**Supplied material:**
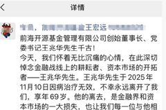 11月10日,前海开源基金发布讣告,公司创始人暨首任董事长王兆华同志因病医治无效,于2025年11月10日在西安逝世。公开资料显示,王兆华出生于1957年8月,陕西乾县人。他于1980年进入金融系统,从中国人民银行西安市分行起步,在超过四十年的职业生涯中,历任中国工商银行、华夏证券、开源证券等多家金融机构主要领导职务,以其卓越的专业能力与战略胆识,为中国资本市场发展作出重要贡献。前海开源基金在讣告中表示,王兆华同志的离世是公司的巨大损失,其精神风范将长存于心,公司上下将化悲痛为力量,继续前行。
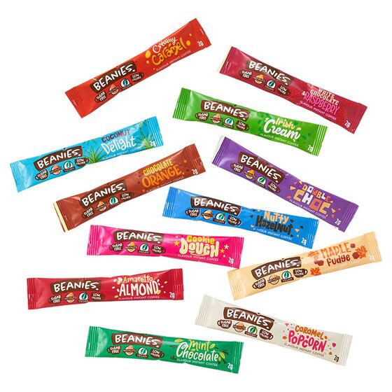 イギリス生まれのフレーバーインスタントコーヒー「BEANIES(ビーニーズ)」から、バラエティパックがラインアップ。人気の12種類のフレーバーが楽しめる、スティック状のインスタントコーヒーセットです。カラフルなパッケージでギフトにもおすすめです!
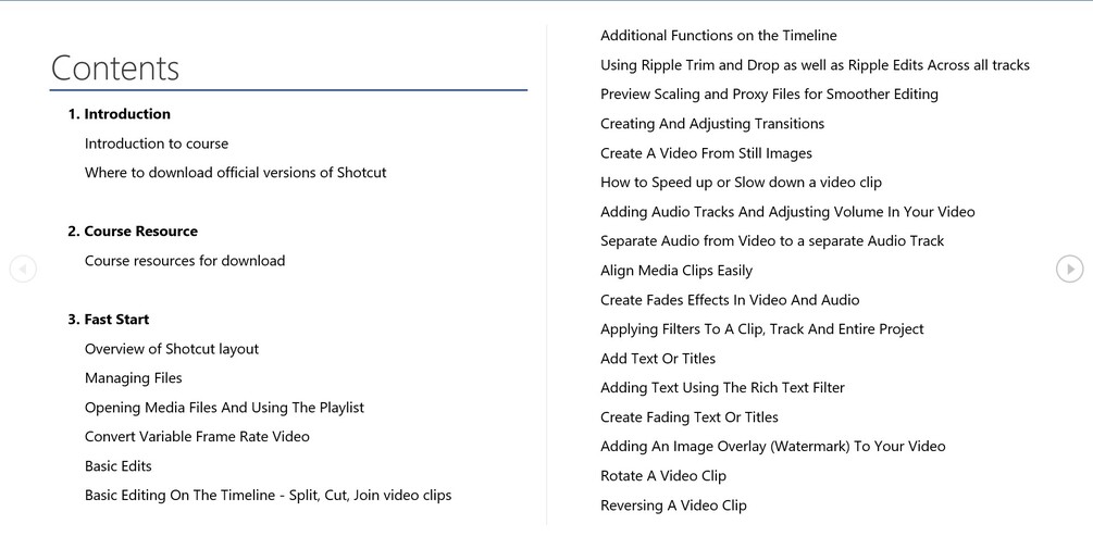 Thank you for being thorough and taking the time and effort needed to make it comprehensible for me. I was completely overwhelmed and intimidated by the Shotcut interface until watching you first two video chapters of this course.”
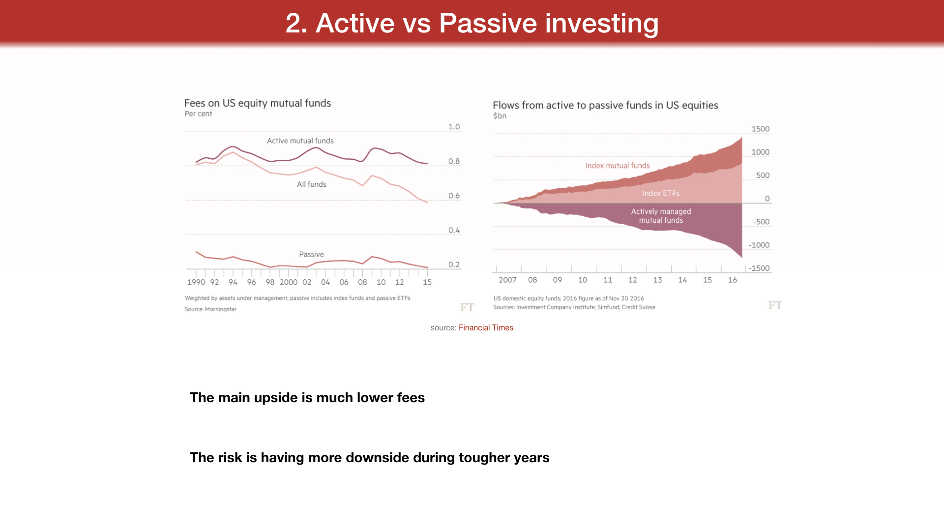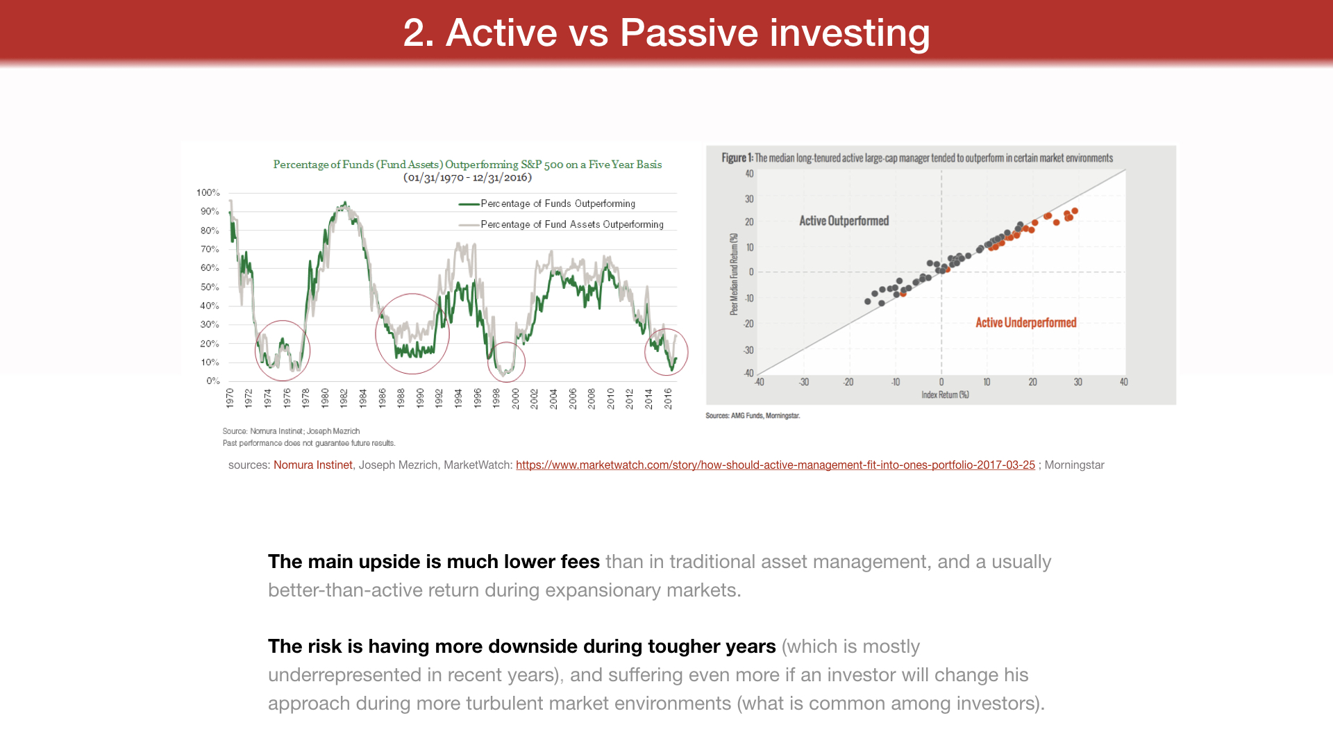 The main upside is much lower fees than in traditional asset management, and a usually better-than-active return during expansionary markets.

**Exercise prompt:**
Make an exact copy of the listing. Do not carry over its pictures.

**Task answer:**
 11月10日,前海开源基金发布讣告,公司创始人暨首任董事长王兆华同志因病医治无效,于2025年11月10日在西安逝世。公开资料显示,王兆华出生于1957年8月,陕西乾县人。他于1980年进入金融系统,从中国人民银行西安市分行起步,在超过四十年的职业生涯中,历任中国工商银行、华夏证券、开源证券等多家金融机构主要领导职务,以其卓越的专业能力与战略胆识,为中国资本市场发展作出重要贡献。前海开源基金在讣告中表示,王兆华同志的离世是公司的巨大损失,其精神风范将长存于心,公司上下将化悲痛为力量,继续前行。
 イギリス生まれのフレーバーインスタントコーヒー「BEANIES(ビーニーズ)」から、バラエティパックがラインアップ。人気の12種類のフレーバーが楽しめる、スティック状のインスタントコーヒーセットです。カラフルなパッケージでギフトにもおすすめです!
 Thank you for being thorough and taking the time and effort needed to make it comprehensible for me. I was completely overwhelmed and intimidated by the Shotcut interface until watching you first two video chapters of this course.”
 The main upside is much lower fees than in traditional asset management, and a usually better-than-active return during expansionary markets.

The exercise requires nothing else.